# help.. 2001 sportsman 400



## 90-RED-SI (Sep 5, 2013)

ok well it here it goes guys.. im a noobie to this.. i purchased a 2013 rancher for my self and me and my entire family caught the mud bug.. so now im on a mision to get everyone in my fam to own one.. purchased my 8yr old son a 2008 polaris outlaw 90 .. and decided to do a father/son build with my oldest 13 yr son..

picked up a clean texas title 2001 sportsman 400 4x4 for my son on a sweet craigslist find.. 400.00 complete and in good condition.. previous owner said it would not go into gear.. im a mechanic by trade so im mechanicly inclined.. got a title but owner lost keys.. i had a key made for 16.50 from a lock smith.. got engine to turn but did not start.. oil is clean...cleand fuel and removed carb to rebuild... im sure i can get it started.. BUT heres my issue..i can get it to go into low gear... *but it will NOT move into high/reverse.. i removed linkage and tapped it with a hammer on top of trans.. it did not move... what can be wrong?could it be a bad trans? any ideas on what i can do or links?*


on a side note: i came up on another 2001 complete sportsman 400 with a bad motor... but it had a tranS that moves in every gear and alot of good parts on it including a warn winch and brush guard .. PAID 150.00!!!! GOTTA LOVE CRAIGSLIST... i can switch trans yes.... but if i can save the one i got and put less work well that would be good too.....


----------



## Polaris425 (Dec 16, 2004)

Sounds to me like swapping it is probably the best bet, if the tranny is shot you're going to have to open it up and work on it anyway...


----------



## CRAZYCRACKAZ71 (Oct 8, 2011)

90-RED-SI said:


> ok well it here it goes guys.. im a noobie to this.. i purchased a 2013 rancher for my self and me and my entire family caught the mud bug.. so now im on a mision to get everyone in my fam to own one.. purchased my 8yr old son a 2008 polaris outlaw 90 .. and decided to do a father/son build with my oldest 13 yr son..
> 
> picked up a clean texas title 2001 sportsman 400 4x4 for my son on a sweet craigslist find.. 400.00 complete and in good condition.. previous owner said it would not go into gear.. im a mechanic by trade so im mechanicly inclined.. got a title but owner lost keys.. i had a key made for 16.50 from a lock smith.. got engine to turn but did not start.. oil is clean...cleand fuel and removed carb to rebuild... im sure i can get it started.. BUT heres my issue..i can get it to go into low gear... *but it will NOT move into high/reverse.. i removed linkage and tapped it with a hammer on top of trans.. it did not move... what can be wrong?could it be a bad trans? any ideas on what i can do or links?*
> 
> ...


B cheaper to swap tranny by what ur saying 


RACK DEEP BOYZ EXTREME ATV/SXS CLUB

"GO BIG OR GO HOME"


----------



## 90-RED-SI (Sep 5, 2013)

thanks guys.. at this point i think thats what im going to do... but ive now got two complete sportsmans... would the trans be worth fixing? could it something major? the plan from the get was to swap the trans anyways but id thought about fixing it too


----------



## crwBrute7504x4I (Oct 26, 2011)

I would swap for the time being and slowly fix the other one up for the other bike those transmissions in the popos aren't that complicated and from what my research is showing me not that expensive to fix.
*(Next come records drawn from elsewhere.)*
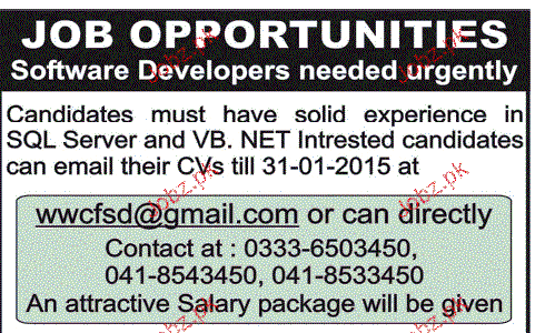 Software Developers are required in Lahore.
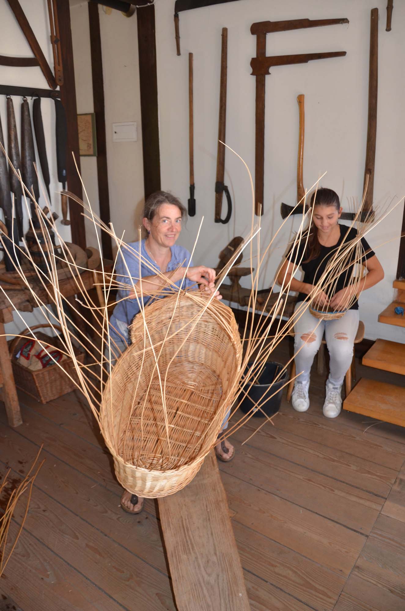 Gleich mehrere Handwerker ließen sich beim Museumstag über die Schultern schauen und zeigten ihre alten Handwerkskünste. Weiden aus dem eigenen Garten verarbeitet Susanne Büchler zu praktischen Körben. Beim Museumstag hat sie eine schöne Kinderwiege gefertigt. Gelernt habe sie ihr Handwerk noch bei Ludwig Huber, dem letzten Korbmacher von Biberach, erzählte Susanne Büchler.
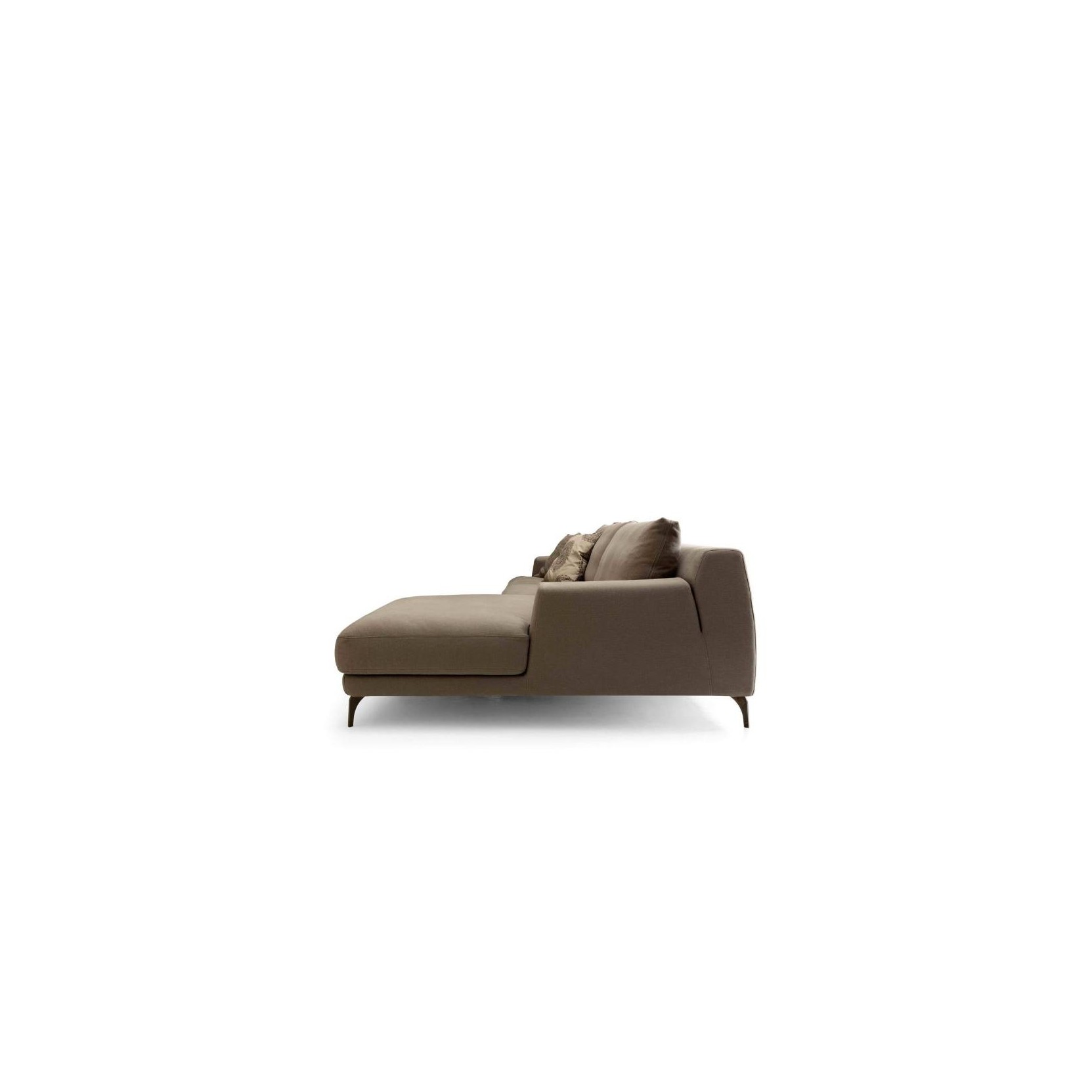 Eco-chic: a product that was initially simple is given elegant appeal, eco-chic, namely, country-rebel style. A sofa featuring meticulously crafted shapes, proportions and details in fine materials: metal feet available in three finishes (chrome, chrome nickel, namely gun metal, or oxidised iron), an eco-leather trim between the cushions in fabric (or vice versa in fabric between the cushions in leather). Everything is made complete with harmonious modern shapes and classic solutions such as the seat with a “hammer” cushion.

. Sent from my iPhone using Tapatalk


----------



## 90-RED-SI (Sep 5, 2013)

well new problems have come up.... after carb rebuild it will not start... im getting good spark and electric start is turing over.. engine has 80psi compression. which im sure is kinda way too low


----------



## crwBrute7504x4I (Oct 26, 2011)

Yeah I would think it needs to be in at least the 110 range prolly a lil higher


. Sent from my iPhone using Tapatalk


----------